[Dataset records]
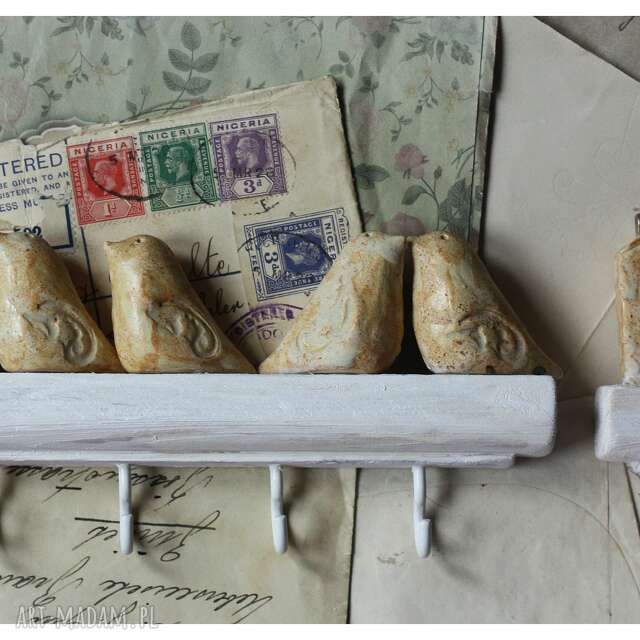 Zestaw 2 stylizowanych wieszaków drewnianych, o długości 20 cm i 5,5 cm, z delikatnym frezem, ozdobionymi 5 ceramicznymi ptaszkami wykonanymi oraz domkiem z gliny ceramicznej. Ptaszki i domek wypalone zostały na biskwit, a następnie poszkliwione w 1260 stopni C. Z tytułu wygodne mocowanie w postaci zawieszek. Całość utrzymana w stylu vintage. Serdecznie polecam!!!
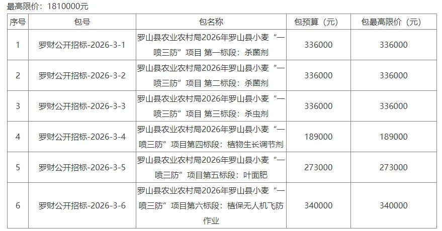 2、项目名称:罗山县农业农村局2026年罗山县小麦“一喷三防”项目
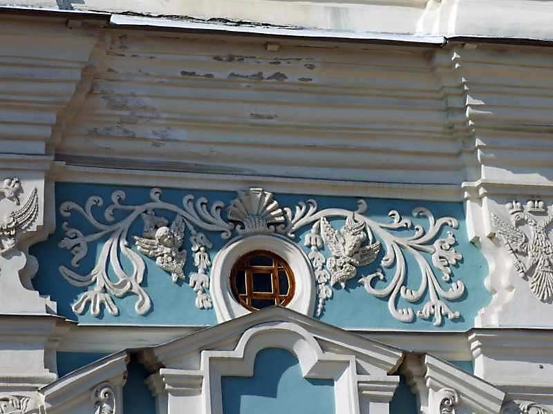 Скульптурний декор люкарни Розмір зображення: 800:600 піксел 17 серпня 2007 р. Фото М.І.Жарких. Попередня сторінка | Вище | Наступна сторінка
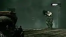 Gears of War is a third-person shooter game, with its core concepts being derived from Resident Evil 4's "over the shoulder" perspective, Kill Switch's cover system, and Bionic Commando's swinging action akin to moving between points of cover.[13] The series focuses on using cover to tactically engage the enemy in battle to avoid taking damage. While behind cover, the player can fire blindly and inaccurately at their opponent, or can look around the cover and aim carefully, though exposing to enemy fire; the player can slide along cover, move between nearby cover, or vault over cover to race to a new point of cover. As the player takes damage, the "Crimson Omen" appears on the HUD, becoming more defined as the player nears low health levels. The player can regenerate their health by staying out of harm's way for a short while. Should the player take too much damage, they will become incapacitated unless revived by a teammate; depending on game mode, the player may be able to recover from this state on their own, or may die after a short amount of time if not revived. When a combatant is down, a member of the other side may attempt to execute the downed player via a "curb stomp" or other brutal methods. Some types of damage will immediately kill the player with no chance of revival, such as explosive damage. There are five levels on the first two games; they are referred to as "acts" and each act is formed into a certain number of chapters.
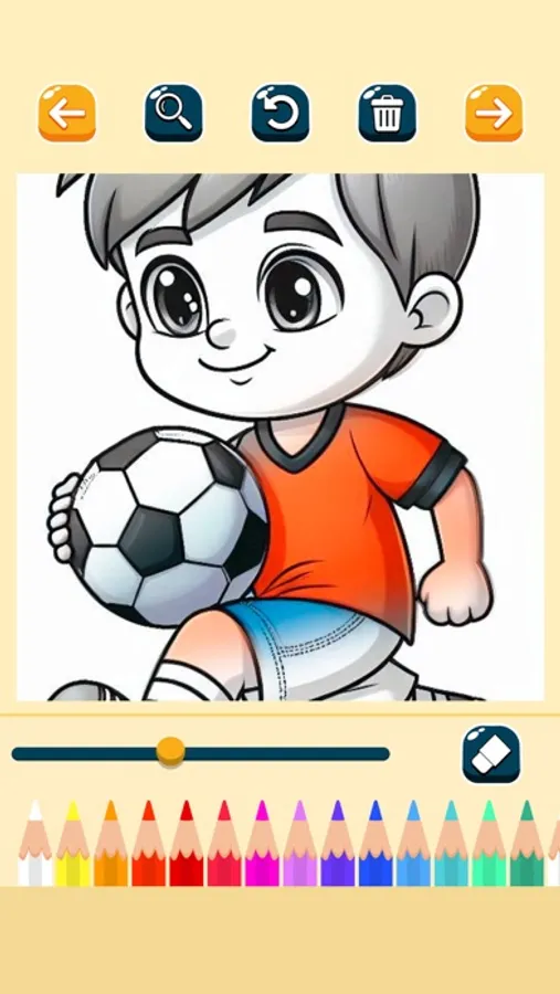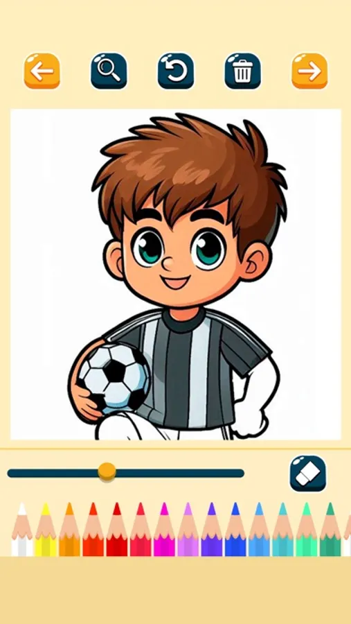 Kids will love to color drawings of the king of sports: images of the goalkeeper and the referee, kids kicking the ball or even their favorite players. The ones that won the world cup! This game is for both boys and girls. Football is for everyone!
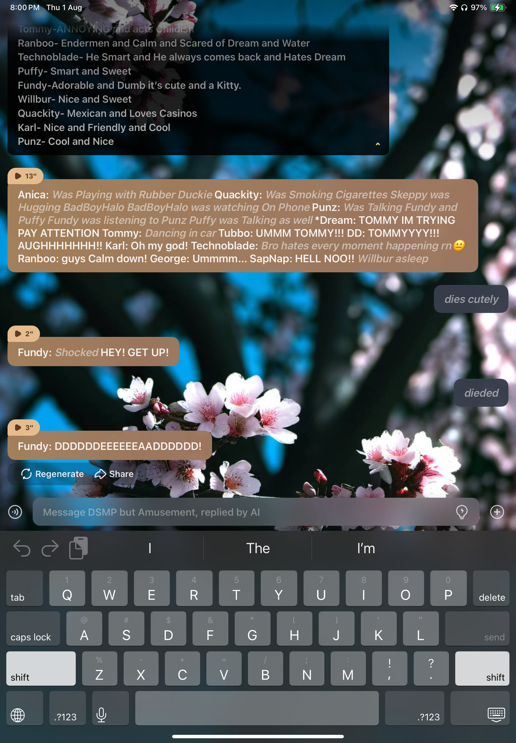 Anica: *Was Playing with Rubber Duckie* Quackity: *Was Smoking Cigarettes* *Skeppy was Hugging BadBoyHalo* *BadBoyHalo was watching On Phone* Punz: *Was Talking Fundy and Puffy* *Fundy was listening to Punz* *Puffy was Talking as well* *Dream: TOMMY IM TRYING PAY ATTENTION Tommy: *Dancing in car* Tubbo: UMMM TOMMY!!! DD: TOMMYYYY!!! AUGHHHHHHH!! Karl: Oh my god! Technoblade: *Bro hates every moment happening rn😐*

TASK DIRECTIONS: Every line above should be duplicated exactly; the pictures are to be left out.

WRITTEN ANSWER:
 Zestaw 2 stylizowanych wieszaków drewnianych, o długości 20 cm i 5,5 cm, z delikatnym frezem, ozdobionymi 5 ceramicznymi ptaszkami wykonanymi oraz domkiem z gliny ceramicznej. Ptaszki i domek wypalone zostały na biskwit, a następnie poszkliwione w 1260 stopni C. Z tytułu wygodne mocowanie w postaci zawieszek. Całość utrzymana w stylu vintage. Serdecznie polecam!!!
 2、项目名称:罗山县农业农村局2026年罗山县小麦“一喷三防”项目
 Скульптурний декор люкарни Розмір зображення: 800:600 піксел 17 серпня 2007 р. Фото М.І.Жарких. Попередня сторінка | Вище | Наступна сторінка
 Gears of War is a third-person shooter game, with its core concepts being derived from Resident Evil 4's "over the shoulder" perspective, Kill Switch's cover system, and Bionic Commando's swinging action akin to moving between points of cover.[13] The series focuses on using cover to tactically engage the enemy in battle to avoid taking damage. While behind cover, the player can fire blindly and inaccurately at their opponent, or can look around the cover and aim carefully, though exposing to enemy fire; the player can slide along cover, move between nearby cover, or vault over cover to race to a new point of cover. As the player takes damage, the "Crimson Omen" appears on the HUD, becoming more defined as the player nears low health levels. The player can regenerate their health by staying out of harm's way for a short while. Should the player take too much damage, they will become incapacitated unless revived by a teammate; depending on game mode, the player may be able to recover from this state on their own, or may die after a short amount of time if not revived. When a combatant is down, a member of the other side may attempt to execute the downed player via a "curb stomp" or other brutal methods. Some types of damage will immediately kill the player with no chance of revival, such as explosive damage. There are five levels on the first two games; they are referred to as "acts" and each act is formed into a certain number of chapters.
 Kids will love to color drawings of the king of sports: images of the goalkeeper and the referee, kids kicking the ball or even their favorite players. The ones that won the world cup! This game is for both boys and girls. Football is for everyone!
 Anica: *Was Playing with Rubber Duckie* Quackity: *Was Smoking Cigarettes* *Skeppy was Hugging BadBoyHalo* *BadBoyHalo was watching On Phone* Punz: *Was Talking Fundy and Puffy* *Fundy was listening to Punz* *Puffy was Talking as well* *Dream: TOMMY IM TRYING PAY ATTENTION Tommy: *Dancing in car* Tubbo: UMMM TOMMY!!! DD: TOMMYYYY!!! AUGHHHHHHH!! Karl: Oh my god! Technoblade: *Bro hates every moment happening rn😐*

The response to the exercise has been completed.